После очередного разговора с Камчуком Науменко запил и пил всю неделю, не сознавая, где и с кем пьёт. Не в глазах, а в мутном сознании хмельном мелькали лица Дугина, Марии, Ворона, Федяни и других знакомых и незнакомых людей. С кем-то чокался, кого-то бил, затем били его. Он не сопротивлялся, лишь по привычке протягивал пустой стакан.
- Совесть не выжжешь! – показывая на спину, истерически хохотала Мария.
- Хотел быть лучше меня? Кишка тонка, – кричал Федяня и бил его по голове. Удары отдавались в позвоночнике и почему-то в пятках.
- Нуль! – с презрением, которое не трогало, говорил кто-то, похожий голосом на Камчука. – Винтик! Куда надо, туда вверну!
- Бог всё видит! – грозя пальцем, таинственно шептал Ворон.
Когда наступило просветление, услышал ласковый грудной голос Афанасеи:
- Ожил? Я думала – сгоришь... На-ко, переоденься! Всё бельишко пропотил. Не можешь? Эх ты! До чего себя довёл! Подымись – переодену!
- Сам, – натягивая лоскутное одеяло, слабо сопротивлялся Науменко.
Афанасея усмехнулась. Она не умела смеяться. И потому её усмешка казалась мрачной, грозовой.

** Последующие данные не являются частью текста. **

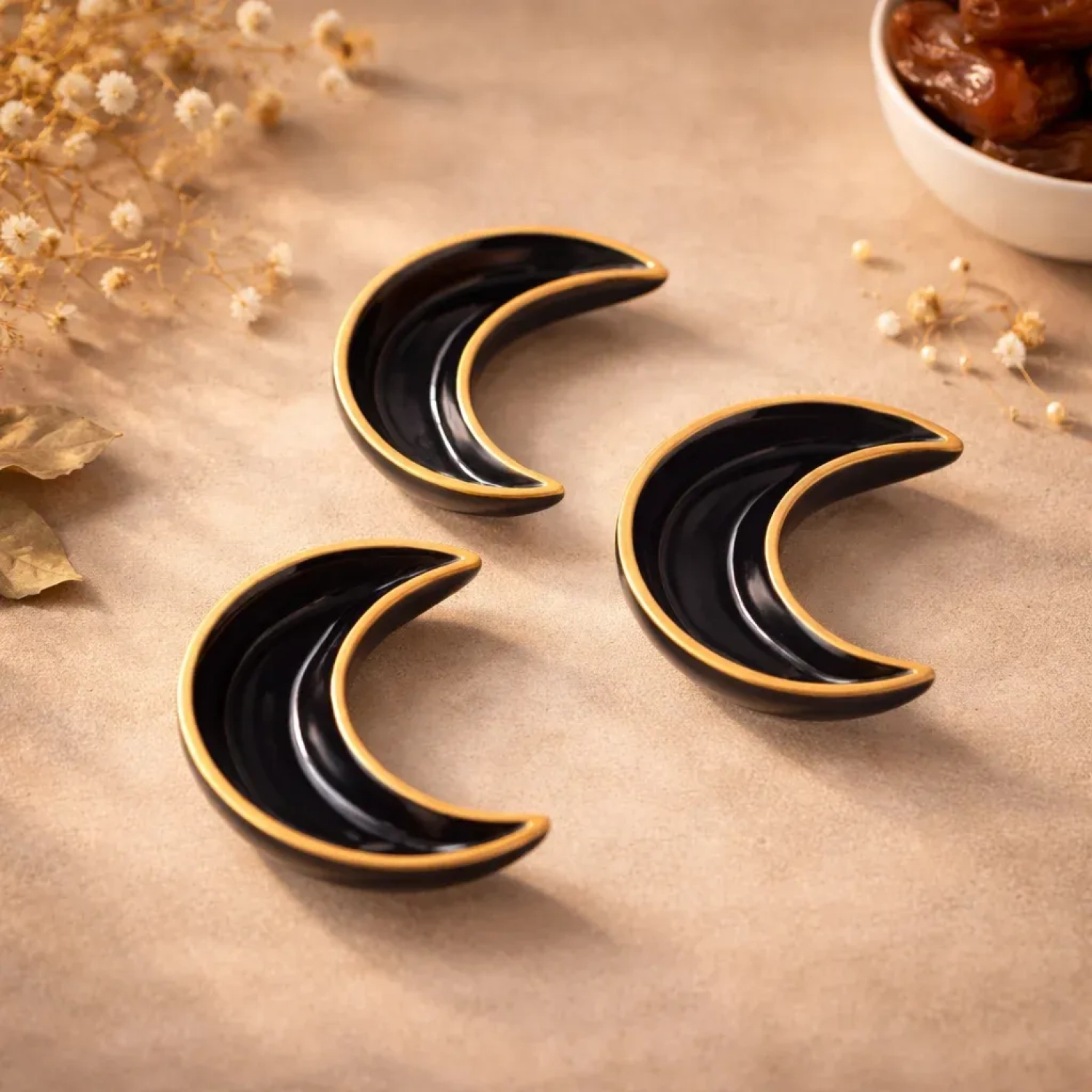 This elegant crescent-shaped ceramic tray with a glossy black interior and golden rim is perfect as both a decorative piece and a serving tray. Use it to present dates, sweets, or small bites during Ramadan gatherings, or display it as a stylish accent in your home. Its unique design adds sophistication and festive charm to any setting.

- Не стыдись! Я, баба, и то стыд одолела. Да и видела я тебя во всех видах... – вытряхнула из белья, переодела. Ей нравилось это, в общем-то, малоприятное занятие. Она разговорилась и отошла.
- Я на работу. Без меня не подымайся! Подымешься – побью.
Но едва ушла, Науменко встал и кое-как оделся.
Утро уже наступало, хотя ещё не рассвело. Глухая темь плыла над селом, оплёскивая тёмно-сизым бор за рекой.
Ноги сами привели к реке.
«Упасть туда, и всё будет просто и ясно», – подумал Науменко, но тут же пожалел о том, что, покончив счёты с жизнью, больше никогда не увидит, как весело плещется болтливая чёрная вода, игриво толкающая упругой волной сонный берег...
- Христос воскрес! – раздался за спиной весёлый резкий голос.
Науменко не пошевелился.
- Думаешь? – присел рядом Пермин. – Под утро славно думается!
Науменко уж ни о чём не думал. Ему хотелось теперь уснуть, уснуть спокойно и чисто, и если проснуться, то ребёнком, чтобы начать всё сначала и по-другому.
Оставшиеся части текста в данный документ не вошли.